- **Task prompt**
Extract, in full, the lines below, beginning at the first and ending with the line that contains "Justierbarer Handlaufhalter, Wandbefestigung, MOD". Pictures do not belong in the copy.

- **Supplied data**

↓↓↓

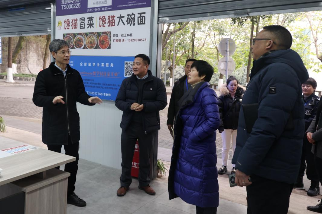 孙芳城一行走进学生公寓,认真查看了学生寝室生活设施和清洁卫生等情况;在学生食堂,检查了原材料采购、环境消杀等方面情况;在快递服务中心,检查开业运营情况;在体艺馆集中核酸检测点,仔细询问了核酸检测工作流程、后勤服务保障、现场秩序维护、防控措施落实等情况。
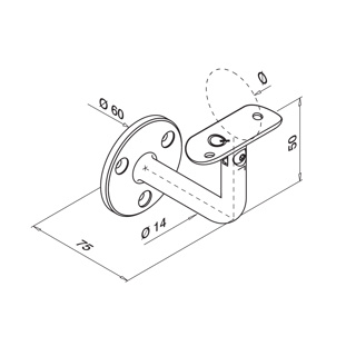 Justierbarer Handlaufhalter, Wandbefestigung, MOD 0102, V4A^
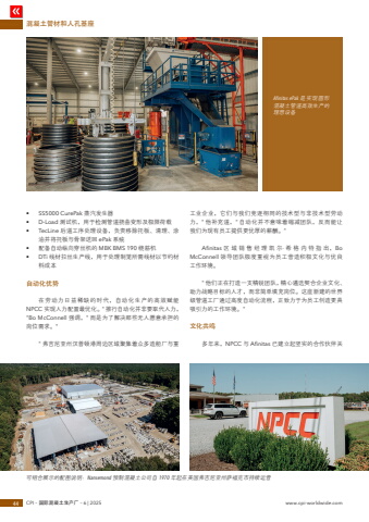 44 CPI %u2013 %u56fd%u9645%u6df7%u51dd%u571f%u751f%u4ea7%u5382 %u2013 6 | 2025 www.cpi-worldwide.com%u6df7%u51dd%u571f%u7ba1%u6750%u548c%u4eba%u5b54%u57fa%u5ea7Afinitas ePak %u662f%u5b9e%u73b0%u5706%u5f62%u6df7%u51dd%u571f%u7ba1%u9053%u9ad8%u6548%u751f%u4ea7%u7684%u7406%u60f3%u8bbe%u5907%u53ef%u7ec4%u5408%u5c55%u793a%u7684%u914d%u56fe%u8bf4%u660e%uff1aNansemond %u9884%u5236%u6df7%u51dd%u571f%u516c%u53f8%u81ea 1970 %u5e74%u8d77%u5728%u7f8e%u56fd%u5f17%u5409%u5c3c%u4e9a%u5dde%u8428%u798f%u514b%u5e02%u6301%u7eed%u8fd0%u8425%u2022 SS5000 CurePak %u84b8%u6c7d%u53d1%u751f%u5668%u2022 D-Load %u6d4b%u8bd5%u673a%uff0c%u7528%u4e8e%u68c0%u6d4b%u7ba1%u9053%u6320%u66f2%u53d8%u5f62%u53ca%u6781%u9650%u8377%u8f7d%u2022 TecLine %u540e%u9053%u5de5%u5e8f%u5904%u7406%u8bbe%u5907%uff0c%u8d1f%u8d23%u79fb%u9664%u6258%u677f%u3001%u6e05%u7406%u3001%u6d82%u6cb9%u5e76%u5c06%u6258%u677f%u4e0e%u9aa8%u67b6%u9001%u56de ePak %u7cfb%u7edf%u2022 %u914d%u5907%u81ea%u52a8%u7eb5%u5411%u7a7f%u4e1d%u673a%u7684 MBK BMS 190 %u7ed5%u7b4b%u673a%u2022 DTi %u7ebf%u6750%u62c9%u4e1d%u751f%u4ea7%u7ebf%uff0c%u7528%u4e8e%u5904%u7406%u5236%u7b3c%u6240%u9700%u7ebf%u6750%u4ee5%u8282%u7ea6%u6750%u6599%u6210%u672c%u81ea%u52a8%u5316%u4f18%u52bf%u5728%u52b3%u52a8%u529b%u65e5%u76ca%u7a00%u7f3a%u7684%u65f6%u4ee3%uff0c%u81ea%u52a8%u5316%u751f%u4ea7%u7684%u9ad8%u6548%u8d4b%u80fdNPCC %u5b9e%u73b0%u4eba%u529b%u914d%u7f6e%u6700%u4f18%u5316%u3002\\%u5c97%u4f4d%u9700%u6c42%u3002\\%u5de5%u4e1a%u4f01%u4e1a%uff0c%u5b83%u4eec%u4e0e%u6211%u4eec%u7ade%u9010%u76f8%u540c%u7684%u6280%u672f%u578b%u4e0e%u975e%u6280%u672f%u578b%u52b3%u52a8%u529b%uff0c\%u6211%u4eec%u4e3a%u73b0%u6709%u5458%u5de5%u63d0%u4f9b%u66f4%u4f18%u539a%u7684%u85aa%u916c%u3002\Afinitas %u533a %u57df%u9500%u552e%u7ecf%u7406%u51ef%u5c14%u00b7 %u5e0c%u683c%u5185 %u7279 %u6307 %u51fa%uff0cBo McConnell %u9886%u5bfc%u56e2%u961f%u6781%u5ea6%u91cd%u89c6%u4e3a%u5458%u5de5%u8425%u9020%u79ef%u6781%u6587%u5316%u4e0e%u4f18%u826f%u5de5%u4f5c%u73af%u5883%u3002\%u52a9%u529b%u6218%u7565%u76ee%u6807%u7684%u4eba%u624d%uff0c%u800c%u975e%u7b80%u5355%u586b%u5145%u5c97%u4f4d%u3002%u8fd9%u5ea7%u65b0%u5efa%u7684%u4e16%u754c%u7ea7%u7ba1%u9053%u5de5%u5382%u901a%u8fc7%u9ad8%u5ea6%u81ea%u52a8%u5316%u6d41%u7a0b%uff0c%u6b63%u81f4%u529b%u4e8e%u4e3a%u5458%u5de5%u521b%u9020%u66f4%u5177%u5438%u5f15%u529b%u7684%u5de5%u4f5c%u73af%u5883%u3002\%u6587%u5316%u5171%u9e23%u591a%u5e74%u6765%uff0cNPCC %u4e0e Afinitas %u5df2%u5efa%u7acb%u8d77%u575a%u5b9e%u7684%u5408%u4f5c%u4f19%u4f34%u5173
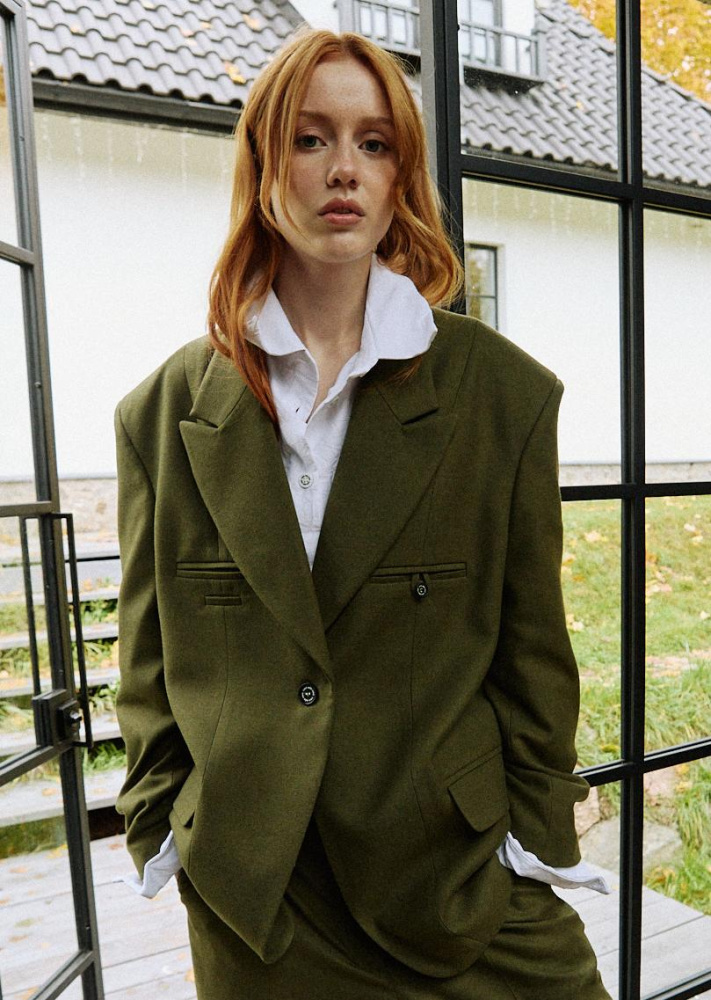 Жакет с множеством многофункциональных карманов из шерсти в оливковом оттенке. Можно сочетать с брюками в цвет или с джинсами.

↑↑↑

- **Answer area**
 孙芳城一行走进学生公寓,认真查看了学生寝室生活设施和清洁卫生等情况;在学生食堂,检查了原材料采购、环境消杀等方面情况;在快递服务中心,检查开业运营情况;在体艺馆集中核酸检测点,仔细询问了核酸检测工作流程、后勤服务保障、现场秩序维护、防控措施落实等情况。
 Justierbarer Handlaufhalter, Wandbefestigung, MOD 0102, V4A^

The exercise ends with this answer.